Wo äussert sich dieses Manko denn am stärksten?
Das ist von Fall zu Fall unterschiedlich. Aber es gibt ein paar Fragen, die sich überraschend viele Gewerbler noch nie so richtig gestellt haben: Für was steht das eigene Unternehmen eigentlich? Wo liegen unsere Stärken? Wer ist der Kunde? Was ist unser Markt? Und dann hapert es mitunter am Dranbleiben, am Nachhaken, an der Motivation, wenn es um die Kundenpflege geht. Ich erlebe häufig, dass Mitarbeiter meinen, wenn sie eine Offerte rausgelassen haben, dann sei die Arbeit getan – der mögliche Kunde werde sich dann schon melden. Dies trifft aber sehr oft nicht zu. Man muss konsequent nachfassen und ein paar ganz grundlegende Regeln befolgen.
Die da wären?
Das Nachfassen geschieht meistens telefonisch. Hier lauert der Teufel im Detail. Das beginnt mit der Haltung, die ich beim Telefonieren einnehme, geht über den Ton, den ich im Gespräch anschlage und reicht vom Einstieg bis hin zu den richtigen Fragen, die ich stelle. Wenn ich eine Offerte nachfasse, frage ich nicht: «Wie sieht’s aus?», denn damit ist die Gefahr gross, dass die Preisdiskussion los geht. Ich sage also einfach: «Wann soll der Auftrag zur Ausführung kommen?“, oder „wann brauchen Sie die Ware?“
Sie überfahren den Kunden also …
Nein, sicher nicht. Ich rede einfach nur über die Ausführung des Auftrags und sende damit ein eindeutiges Signal aus: Ich bin überzeugt, dass die Offerte für den Kunden gut ist und er als Kunde zufrieden sein wird! Das Gegenüber kann dann ja immer noch seine Einwände vorbringen. Ein wichtiger Grundsatz ist: Nie, aber auch gar nie spreche ich als Verkäufer – weder direkt noch indirekt – beim Nachfassen das Thema Preis an. Das überlasse ich immer dem Kunden.
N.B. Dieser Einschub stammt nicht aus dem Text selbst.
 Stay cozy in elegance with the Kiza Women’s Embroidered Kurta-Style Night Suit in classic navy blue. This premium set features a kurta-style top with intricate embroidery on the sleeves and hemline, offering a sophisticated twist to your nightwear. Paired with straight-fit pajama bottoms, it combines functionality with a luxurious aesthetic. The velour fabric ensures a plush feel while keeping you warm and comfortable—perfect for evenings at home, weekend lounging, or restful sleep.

Und der kommt ganz bestimmt darauf zu sprechen!
Nicht unbedingt. Ich erlebe immer wieder, dass vor allem dann, wenn die Beziehung zwischen Anbieter und Abnehmer generell gut ist, der Preis nicht unbedingt ausschlaggebend ist für eine Auftragserteilung. Wenn doch, dann ist es wichtig, die genauen Gründe dafür in Erfahrung zu bringen. Und wenn ich an diesem Entscheid nichts ändern kann, dann habe ich immer noch die Chance, dem Kunden eine andere Lösung anzubieten. Um dies herauszubekommen, darf ich mich aber nicht davor scheuen, zu fragen. Und vor allem muss ich in erster Linie einmal zuhören wollen!
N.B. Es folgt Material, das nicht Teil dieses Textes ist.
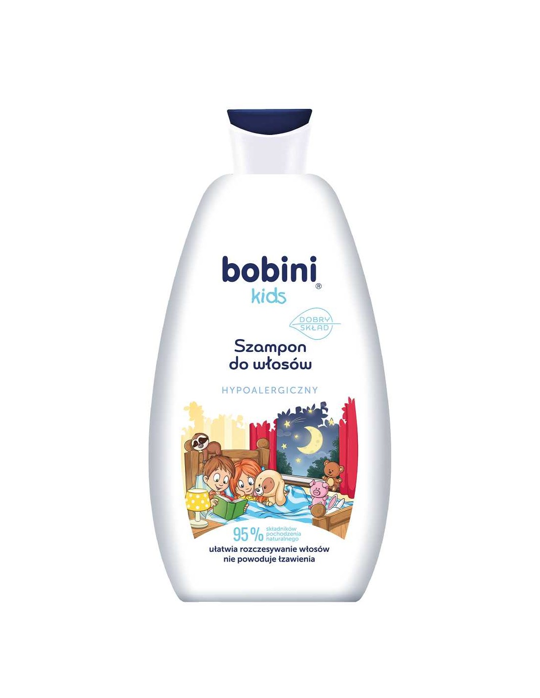 BOBINI KIDS Szampon do włosów HYPOALERGICZNY, 500 mlDla delikatnej codziennej pielęgnacji Twojego dziecka:– delikatnie myje i pielęgnuje– nawilża i odżywia włosy i skórę głowy– ułatwia rozczesywanie– pozostawia włosy miękkie i błyszczące– działa łagodząco na skórę głowy– nie powoduje łzawienia i nie podrażnia oczu– łagodny nawet przy częstym stosowaniu– dobrze się spłukuje– pH neutralne dla skóry– przebadany dermatologicznie– odpowiedni dla skóry wrażliwej i alergicznej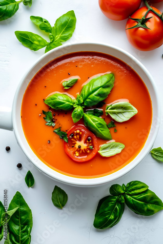 bowl, tomatoes, soup, basil, tomatoes, white, table, vegetable, pasta, sauce, garnish, herb, healthy, meal, food, dish, cooking, ingredient, receipe, cherry, herb, pepper, leaf, top, view, orange, colours, smooth, texture, garnished, fresh, slice, 2, whole, corner, placed, surface, background, aesthetic, appetising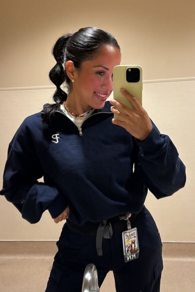 The messy top bun is popular because it is fast and forgiving. It allows nurses to secure hair quickly before a shift starts. When done correctly, it stays in place without tight wrapping. The bun should sit high enough to avoid neck pressure but not so high that it feels unstable.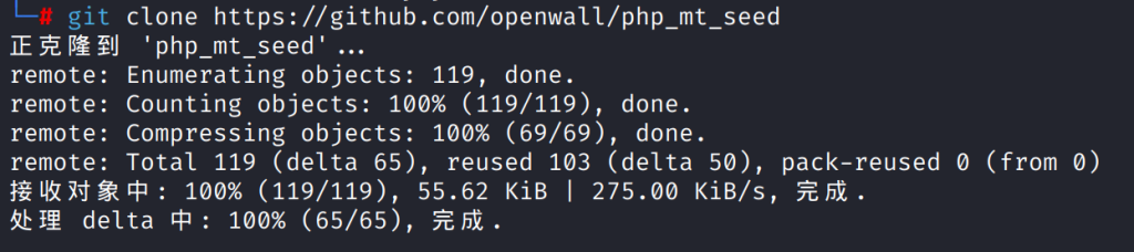 2、在kali中使用php_mt_seed工具,将他克隆下来,定位到php_mt_seed目录里,make后就可以用了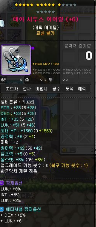 데아시두스 이어링: 추옵 70급, 잠재9퍼

Erfolgreich Verkaufen ist also primär eine Frage des Wollens?
Genau. An erster Stelle kommt die persönliche Einstellung, einem Kunden eine Lösung für seine Bedürfnisse anbieten zu wollen. Wenn das stimmt, dann mache ich mich daran, Informationen einzuholen. Also höre ich dem Kunden erst einmal in Ruhe zu. Erst wenn ich im Zuge dessen geortet habe, wo er Lösungen braucht, rede ich und werde als Berater aktiv. Danach mündet das Ganze im besten Fall in einem Geschäftsabschluss oder eben in einem Verkauf. Das ist jetzt natürlich sehr vereinfacht dargestellt, aber die erwähnte Triage von Informationen erfragen, zuhören und beraten ist sicher stets angebracht.
Verkaufsgespräche am Telefon sind nicht jedermanns Sache. Wie lange habe ich Zeit, um einen möglichen Kunden von mir und meinem Angebot zu überzeugen?
Zehn Sekunden! Wenn der Kunde dann immer noch nicht gesprächsbereit ist, wird er demnächst aufhängen. Habe ich jemanden allerdings einmal vierzig Sekunden am Apparat und im Gespräch, so steigen die Chancen rasant an, dass ich zu denjenigen Informationen komme, die es für ein Beratungs- und Verkaufsgespräch braucht.
Als Trainer und Coach verdienen Sie ziemlich gut daran, dass Unternehmer und ihre Mitarbeitenden diesbezüglich ihre Mankos aufweisen.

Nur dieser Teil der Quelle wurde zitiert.